Эти слова меня насмешили своим открытым и очень уязвимым ребячеством. Я сказал:
– Выходит, вы, Володя, ближе к идеалу, чем самый идеал? Что же, вас можно поздравить.
– Напрасно вы смеетесь, – обиженно ответил он. – Да, мне хотелось бы походить на Рахметова. Только для этого нужно очень много трудиться над собой…
Владимир вновь раскрыл свою тетрадку – с моего места было видно, что она исписана очень плотно, – но, подумав о чем-то, закрыл ее и положил на место.
– А вообще, если вы начнете читать роман Николая Гавриловича, то обязательно дочитаете до конца и в итоге не сможете не признать правоту этой книги и ее истинную ценность.
– Помилуйте, Володя, вы ведь сами только что объявили меня человеком прошлого. – Я развел руками. – А мы, представители прошлого, вряд ли способны оценить идеалы будущего.
– Не скажите, – Ульянов насмешливо прищурился. – Вы же сами не далее как четверть часа назад фактически подтвердили правоту Чернышевского!
– Я?! – изумленно спросил я. – Бог с вами, я же говорю, что не читал его!
– И очень хорошо!

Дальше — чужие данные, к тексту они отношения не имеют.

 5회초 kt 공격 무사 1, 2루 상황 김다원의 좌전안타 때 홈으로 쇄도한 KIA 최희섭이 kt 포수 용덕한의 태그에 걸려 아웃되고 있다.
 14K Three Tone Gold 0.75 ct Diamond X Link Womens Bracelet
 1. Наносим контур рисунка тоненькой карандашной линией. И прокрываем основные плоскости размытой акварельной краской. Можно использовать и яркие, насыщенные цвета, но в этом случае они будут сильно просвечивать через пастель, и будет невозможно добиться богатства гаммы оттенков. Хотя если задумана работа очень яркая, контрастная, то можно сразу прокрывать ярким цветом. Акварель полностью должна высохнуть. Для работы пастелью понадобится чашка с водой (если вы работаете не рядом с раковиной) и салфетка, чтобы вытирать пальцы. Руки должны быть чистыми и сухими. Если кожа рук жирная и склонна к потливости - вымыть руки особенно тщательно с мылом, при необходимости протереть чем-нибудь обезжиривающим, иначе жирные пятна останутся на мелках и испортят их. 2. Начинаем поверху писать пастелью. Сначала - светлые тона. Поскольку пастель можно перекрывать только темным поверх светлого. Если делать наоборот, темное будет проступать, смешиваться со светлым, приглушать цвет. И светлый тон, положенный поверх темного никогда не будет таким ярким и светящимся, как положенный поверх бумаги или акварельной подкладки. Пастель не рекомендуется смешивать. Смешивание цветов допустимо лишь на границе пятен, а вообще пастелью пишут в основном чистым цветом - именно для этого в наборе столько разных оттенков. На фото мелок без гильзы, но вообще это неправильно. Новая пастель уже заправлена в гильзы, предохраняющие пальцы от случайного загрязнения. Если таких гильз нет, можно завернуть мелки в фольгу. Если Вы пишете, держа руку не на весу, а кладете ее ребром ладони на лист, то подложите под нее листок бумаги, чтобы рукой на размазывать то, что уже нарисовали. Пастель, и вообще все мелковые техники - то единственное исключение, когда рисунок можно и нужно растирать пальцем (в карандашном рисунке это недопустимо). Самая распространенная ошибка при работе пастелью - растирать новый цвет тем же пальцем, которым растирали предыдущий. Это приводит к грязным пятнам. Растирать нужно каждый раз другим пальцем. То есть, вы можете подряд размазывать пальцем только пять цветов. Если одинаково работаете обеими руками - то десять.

И отлично! Не читали, а тем не менее признали ревность атавистическим чувством, способным подвигнуть человека на тягчайшее преступление! На убийство! Герой Чернышевского, новый человек, – не говоря уж об особенных людях – никогда не пойдет на такое. Потому что он выше ревности. Ревность – проявление инстинкта собственника, а значит – позорное чувство.
– Но позвольте… – Я попытался прервать нашего студента, проклиная себя за то, что ввязался в спор, не зная толком его предмета. – Володя, ведь в романе, сколько я знаю, семейные узы…
Он меня прервал:
– Не будем вести спор бессмысленный и бесполезный. Я эту книгу читал, а вы, по собственному вашему признанию, нет. Вот прочитайте ее, тогда и поговорим! И поспорим! Даже, если хотите, подеремся! – И Ульянов расхохотался так заразительно, что я невольно рассмеялся следом, хотя на душе было совсем не весело и не покойно.
Я поднялся.
– Что же, пойду. Только попусту вам докучаю, и то сказать. Может, вы и правы – следует поначалу прочесть книгу, а уж после высказывать о ней мнение, – сказал я со вздохом. – Только уж вы, пожалуйста, впредь книги мне показывайте. Я имею в виду те, какие вы хотите дать моей дочери. Молода она еще больно, ничего, кроме гимназии да деревни нашей, не видела. Честно вам признаюсь: вы ведь, Володя, сегодня здесь, а завтра – далече. Казань, а то и Петербург, дай Бог. А ей-то каково будет? Нет-нет, – я упредил возможную реплику Ульянова, – книгу я отбирать не буду. Что делать, пускай читает "Что делать?" – смотрите, какой каламбур получился. Вот только голову ей разными рассказами не кружите.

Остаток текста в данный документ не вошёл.